At the conclusion of this chapter, the reader will be able to:

  • Identify the main historical events in the development of the myofascial trigger point construct and recognize the primary influences.

  • Understand the main principles of muscle physiology and the motor endplate that are important in the understanding of myofascial trigger points.

  • Understand the expanded integrated trigger point hypothesis.

  • Understand the motor, sensory, and autonomic phenomena associated with myofascial trigger points.

  • Recognize the importance of palpation and the recommended criteria for identification of myofascial trigger points with reference to current palpation reliability studies.

  • Recognize the importance of the taut band, tender nodule, and referred pain pattern.

  • Recognize and understand the main noninvasive interventions used to treat myofascial trigger points and the evidence available to support their use.

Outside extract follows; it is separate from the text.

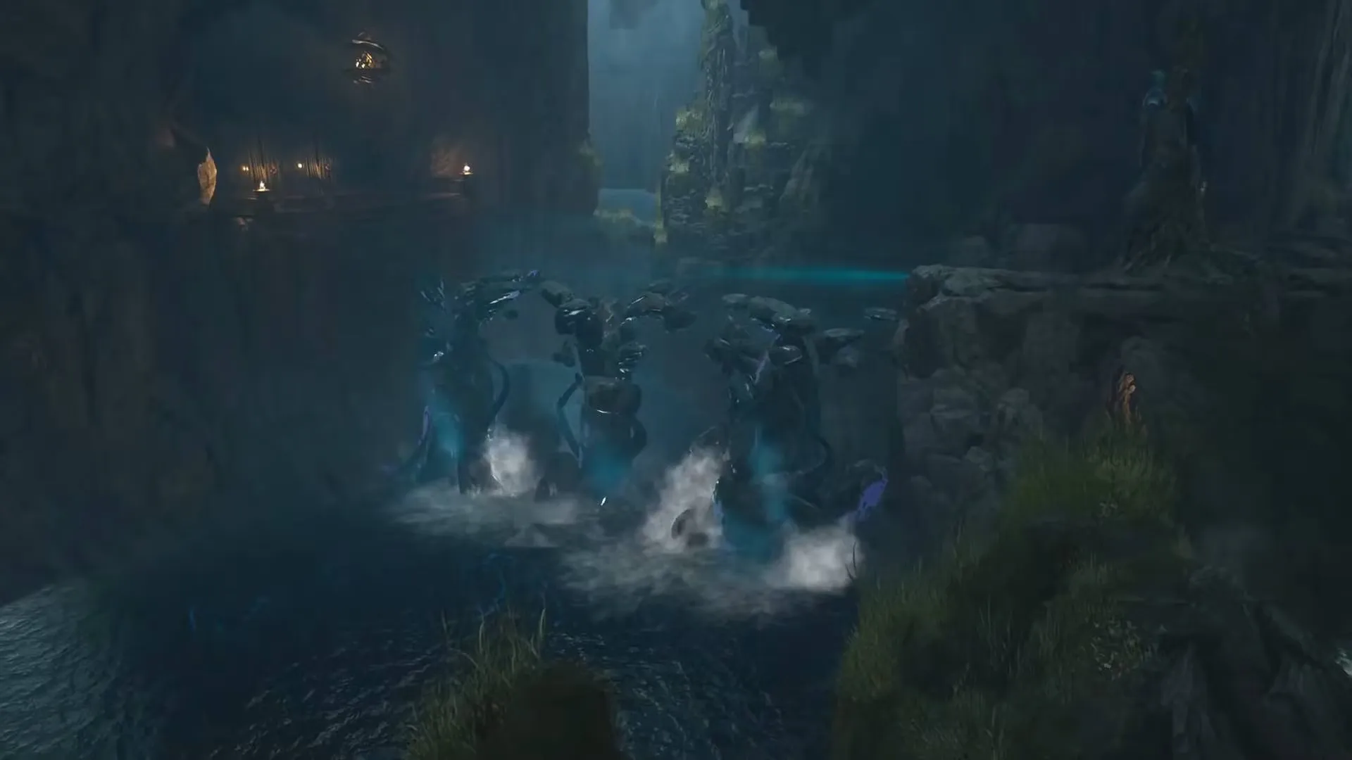 Победив пауков, игроки должны направиться к склону, ведущему к воротам, и спуститься по тропинке рядом с ними, чтобы найти сундук и обнаружить еще одну из тех рун, которые были найдены ранее. Вернитесь вверх по тропинке, чтобы персонаж игрока оказался на вершине тропинки у склона и смог увидеть руну. Еще одна руна находится над тропинкой внизу возле ворот и еще одна слева. Ударьте по всем трем с помощью Basic Cast, чтобы завершить строительство моста и открыть путь вперед.

  • Recognize and understand the invasive interventions available, with special reference to trigger point dry needling, and understand the rationale and evidence for its application.

  • Recognize common perpetuating factors and formulate current management strategies.

  • Learn the specific technique for palpation of myofascial trigger points.

HISTORY AND DEVELOPMENT

Drs. Janet G. Travell (1901–1997) and David G. Simons (1922–2010) brought myofascial trigger points (MTrPs) to the attention of clinicians and researchers worldwide,1–3 despite the fact that MTrPs had been described as early as the 16th century4 (Box 16-1). As a cardiologist, Travell was strongly influenced by Kellgren, who from 1938 to 1949 described, for the first time, pain referral patterns of muscles and ligaments following injection of hypertonic saline.5-8 In 1940, Steindler introduced the term trigger point.9 Travell was drawn to the potential benefits of muscular trigger point injections and subsequently adopted the term in 1942.10,11 In the early 1950s, Travell and Rinzler described biopsied tissues of hyperirritable trigger points in which no pathological changes were identified and concluded that these must be pathophysiological in nature.10 They also observed that fascia referred pain in a similar fashion, leading Travell to adopt the term myofascial pain. In 1952, a seminal manuscript, which unknowingly mirrored the work of researchers in other continents, was published that described the pain referral patterns of 32 individual muscles.12,13 After hearing Travell lecture on the topic, Simons became involved in 1963. Together, they coauthored several articles and book chapters, in addition to the popular and authoritative texts on this approach.1-3 Evidence supporting the existence and management of MTrPs has grown over the past three decades, with more evidence emerging within the last decade than in the previous two combined (Table 16-1).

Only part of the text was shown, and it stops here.